## WORK TO BE COMPLETED
Go through the data below and copy it exactly, skipping every picture.

## MATERIAL PROVIDED
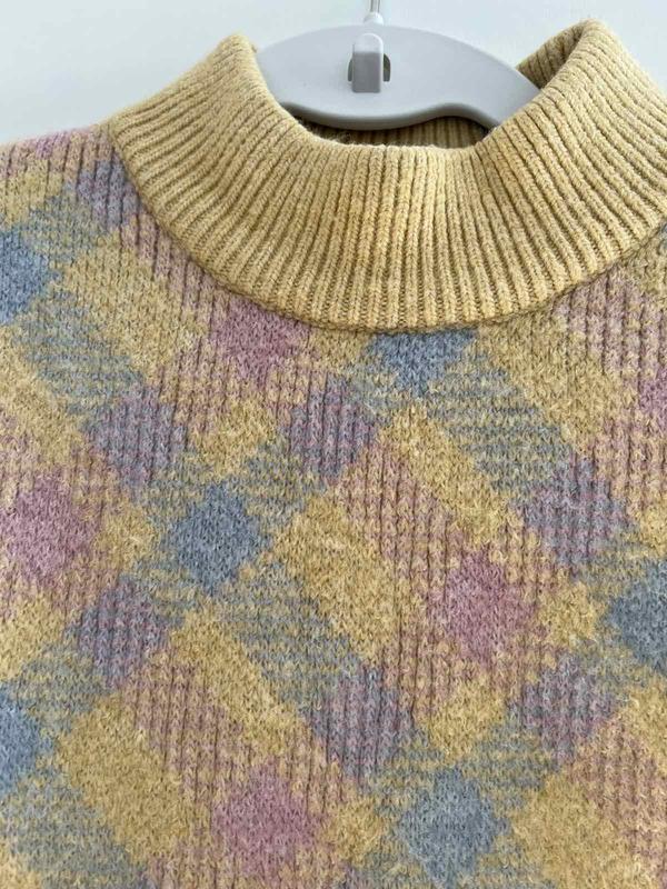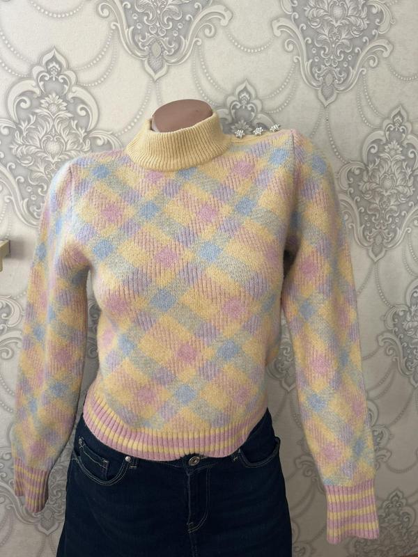 Очень красивый свитер,бежевого цвета в розово голубую клетку, нежного цвета.Очень теплый. Декор из бижутерии на правом плече. Состав ткани-54% полиэстер, 42% акрил, 4% шерсть 3%эластан. Об/ г.-90-92 см Об/т-68-70см Длина кофты-51 см Длина рукава-63см Сезон -осень, зима, весна. Дефектов не имеет(стан идеальный) Размер-S
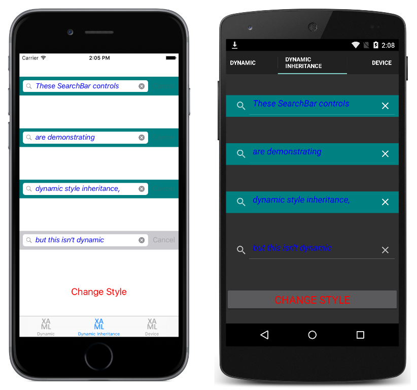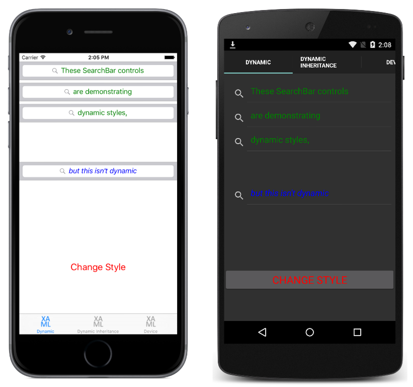 Arka planda kod dosyasında oluşturucu, dinamik stilleri gösteren önceki örnekte olduğu gibi anahtarıyla searchBarStylebir ResourceDictionary girdi oluşturur. OnButtonClicked Olay işleyicisi yürütürken ile searchBarStyle greenSearchBarStylearasında blueSearchBarStyle geçiş yapacaktır. Bu, aşağıdaki ekran görüntülerinde gösterilen görünüme neden olur:
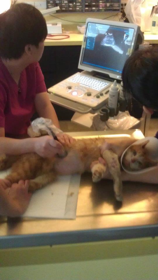 捲捲有腹水,所以晚點會幫他開刀,順便結紮
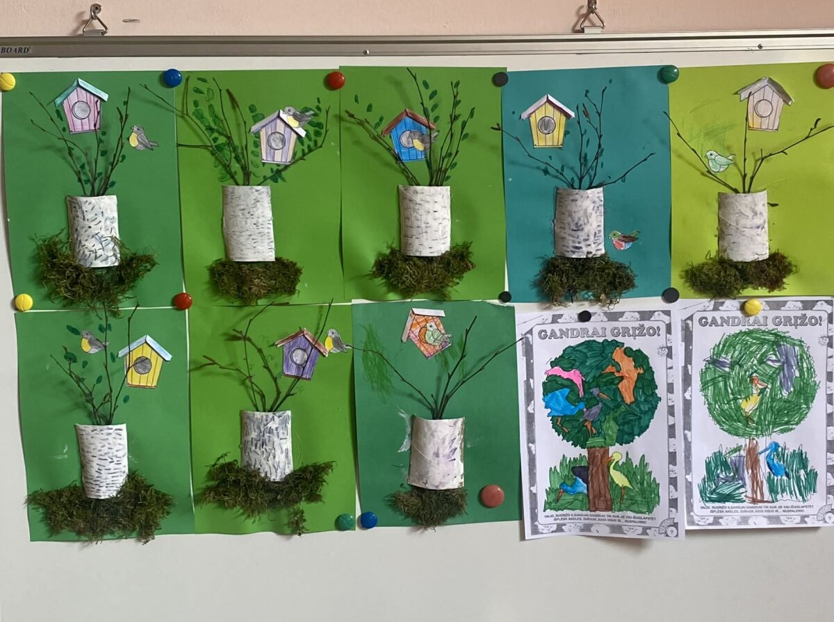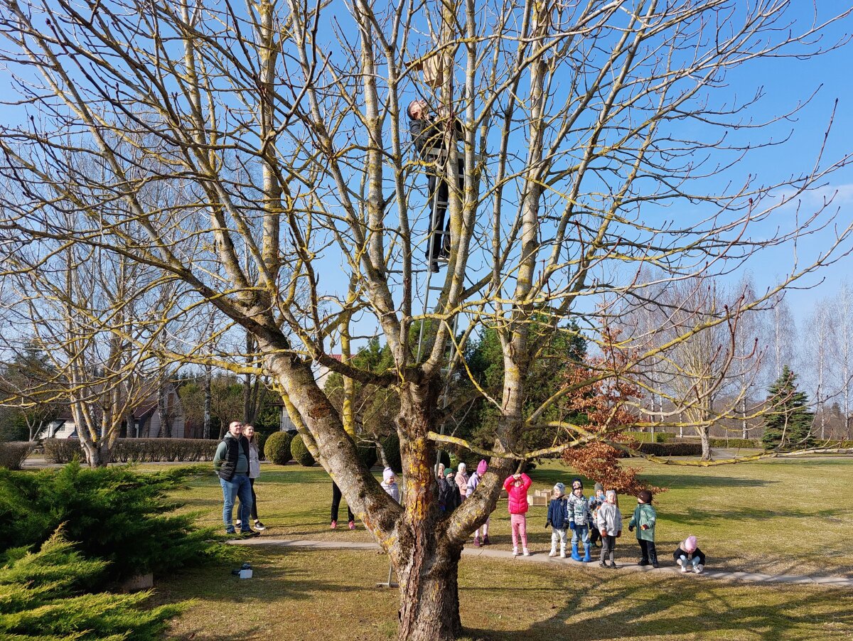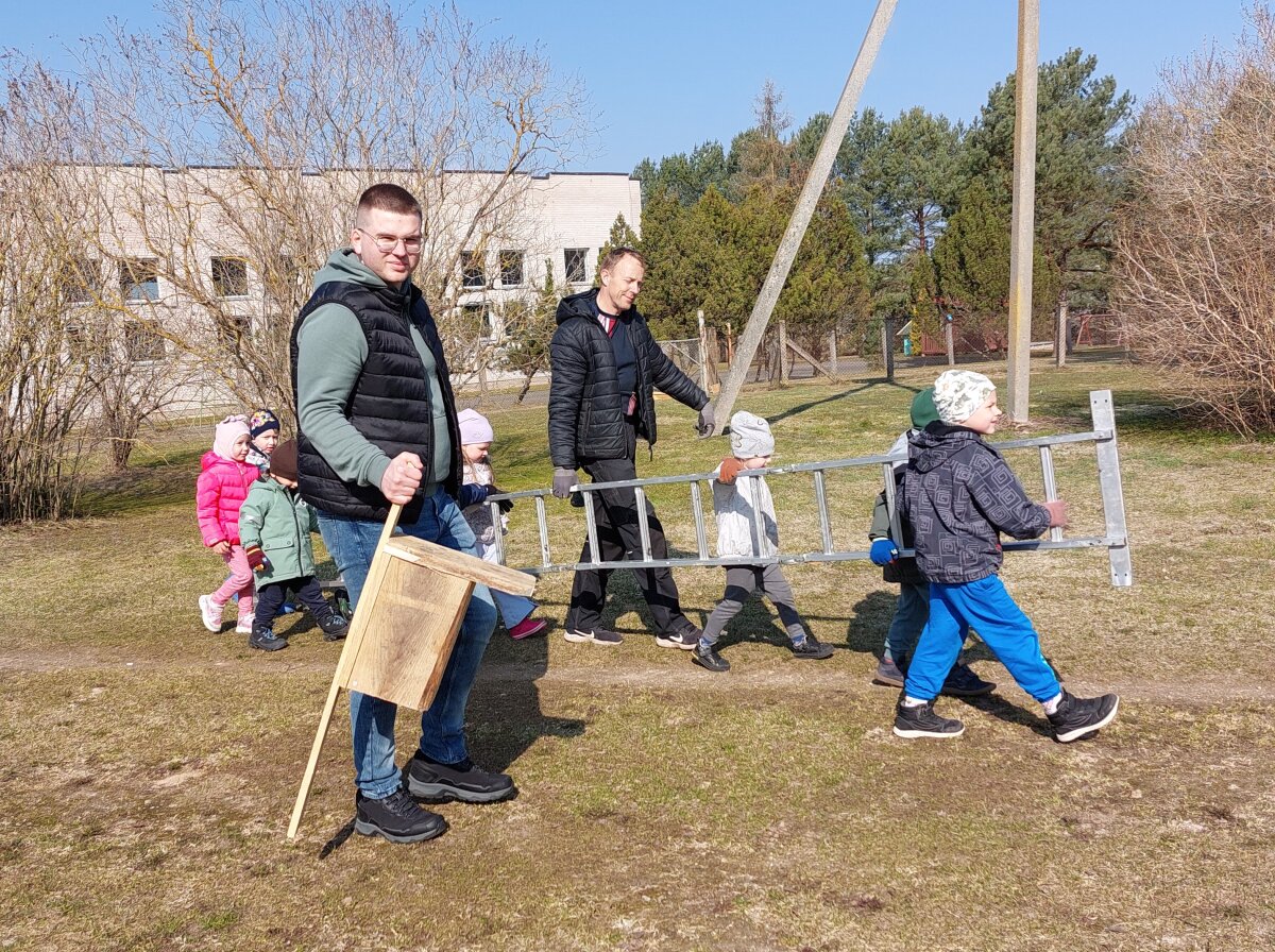 Džiugu, kad mažieji galėjo ne tik stebėti, bet ir patys prisiliesti prie inkilų gamybos proceso. Už tai nuoširdžiai dėkojame vaikučių tėčiams, kurie aktyviai palaikė iniciatyvą „Nameliai mūsų sparnuočiams“. Kovo 30 dieną buvo įkelti būstai skirti varnėnams, zylėms, pelėdoms.
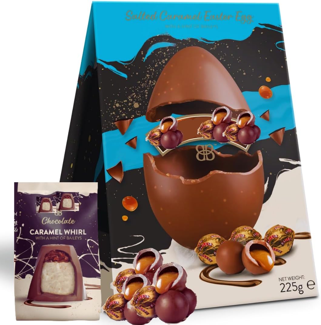 • BAILEYS CHOCOLATES WITH SALTED CARAMEL INDULGENCE Experience creamy Bailys chocolate blended with rich salted caramel and premium cocoa. A luxurious treat made for those who enjoy adult chocolate flavours and sophisticated Easter eggs.
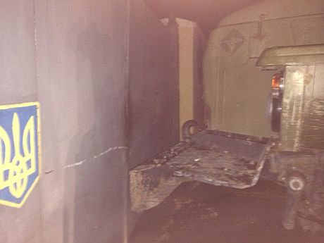 | Російський Урал таранить ворота військової частини А2355. Фото: Олександр Черненко |
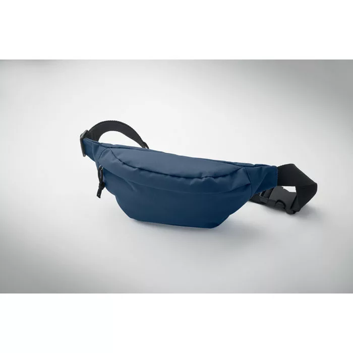 Övtáska 600D RPET poliészterből, cipzáras fő rekesszel és rejtett cipzáras hátsó rekesszel.
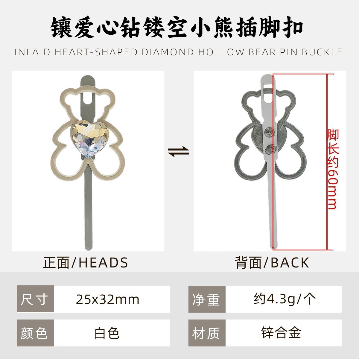 Голый медведь с инкрустацией голубого цвета, белый бриллиант, 25*32 мм, пряжка/шт.; Белое сердце, ромб, полый медведь, 25*32 мм, пряжка/шт.; Розовый инкрустированный белым любовным бриллиантом полый медведь 25*32 мм с пряжкой/шт.; Черный инкрустированный белым любовным бриллиантом полый медведь 25*32 мм с пряжкой/шт.; Белый живот и голова, ромбовидный кролик, 20*35 мм, пряжка/шт.; Кролик с коричневым животом и головой, ромбовидная пряжка 20*35 мм/шт.; Розовый живот и голова, ромбовидный кролик, 20*35 мм, пряжка/шт.; Черная голова с животом, ромбовидный кролик, 20*35 мм, пряжка/шт.
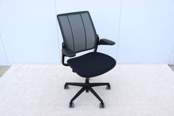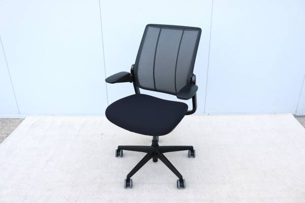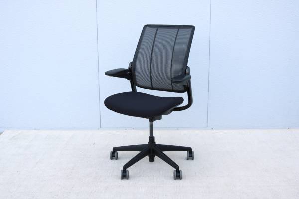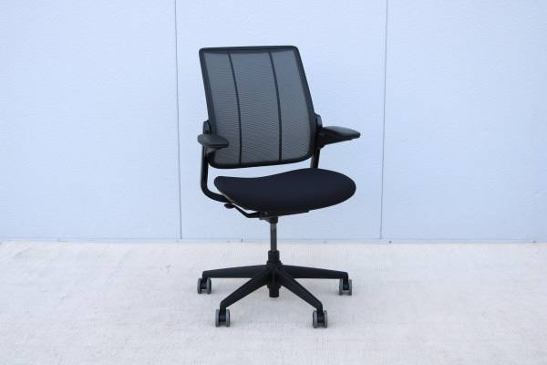 The Diffrient Smart chair was created with Humanscale's revolutionary Form-Sensing Mesh Technology. It's Smart's tri-panel backrest fits like a perfectly tailored shirt to provide exceptional lumbar support.
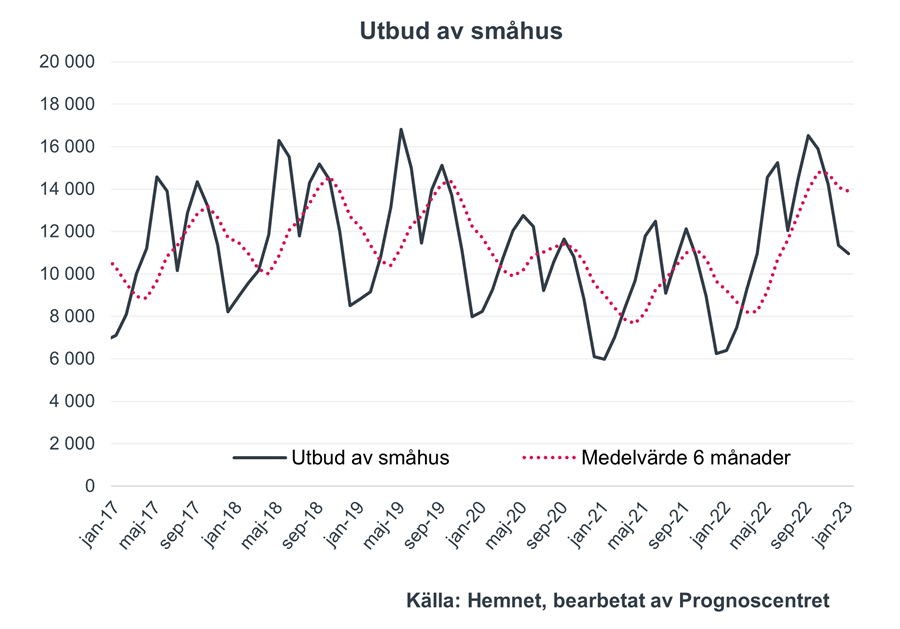 För småhus ökade utbudet desto mer i januari, med 71 procent på 12 månader. Däremot minskade utbudet med 4 procent med december som jämförelsemånad.

## FINAL ANSWER
 Очень красивый свитер,бежевого цвета в розово голубую клетку, нежного цвета.Очень теплый. Декор из бижутерии на правом плече. Состав ткани-54% полиэстер, 42% акрил, 4% шерсть 3%эластан. Об/ г.-90-92 см Об/т-68-70см Длина кофты-51 см Длина рукава-63см Сезон -осень, зима, весна. Дефектов не имеет(стан идеальный) Размер-S
 Arka planda kod dosyasında oluşturucu, dinamik stilleri gösteren önceki örnekte olduğu gibi anahtarıyla searchBarStylebir ResourceDictionary girdi oluşturur. OnButtonClicked Olay işleyicisi yürütürken ile searchBarStyle greenSearchBarStylearasında blueSearchBarStyle geçiş yapacaktır. Bu, aşağıdaki ekran görüntülerinde gösterilen görünüme neden olur:
 捲捲有腹水,所以晚點會幫他開刀,順便結紮
 Džiugu, kad mažieji galėjo ne tik stebėti, bet ir patys prisiliesti prie inkilų gamybos proceso. Už tai nuoširdžiai dėkojame vaikučių tėčiams, kurie aktyviai palaikė iniciatyvą „Nameliai mūsų sparnuočiams“. Kovo 30 dieną buvo įkelti būstai skirti varnėnams, zylėms, pelėdoms.
 • BAILEYS CHOCOLATES WITH SALTED CARAMEL INDULGENCE Experience creamy Bailys chocolate blended with rich salted caramel and premium cocoa. A luxurious treat made for those who enjoy adult chocolate flavours and sophisticated Easter eggs.
 | Російський Урал таранить ворота військової частини А2355. Фото: Олександр Черненко |
 Övtáska 600D RPET poliészterből, cipzáras fő rekesszel és rejtett cipzáras hátsó rekesszel.
 Голый медведь с инкрустацией голубого цвета, белый бриллиант, 25*32 мм, пряжка/шт.; Белое сердце, ромб, полый медведь, 25*32 мм, пряжка/шт.; Розовый инкрустированный белым любовным бриллиантом полый медведь 25*32 мм с пряжкой/шт.; Черный инкрустированный белым любовным бриллиантом полый медведь 25*32 мм с пряжкой/шт.; Белый живот и голова, ромбовидный кролик, 20*35 мм, пряжка/шт.; Кролик с коричневым животом и головой, ромбовидная пряжка 20*35 мм/шт.; Розовый живот и голова, ромбовидный кролик, 20*35 мм, пряжка/шт.; Черная голова с животом, ромбовидный кролик, 20*35 мм, пряжка/шт.
 The Diffrient Smart chair was created with Humanscale's revolutionary Form-Sensing Mesh Technology. It's Smart's tri-panel backrest fits like a perfectly tailored shirt to provide exceptional lumbar support.
 För småhus ökade utbudet desto mer i januari, med 71 procent på 12 månader. Däremot minskade utbudet med 4 procent med december som jämförelsemånad.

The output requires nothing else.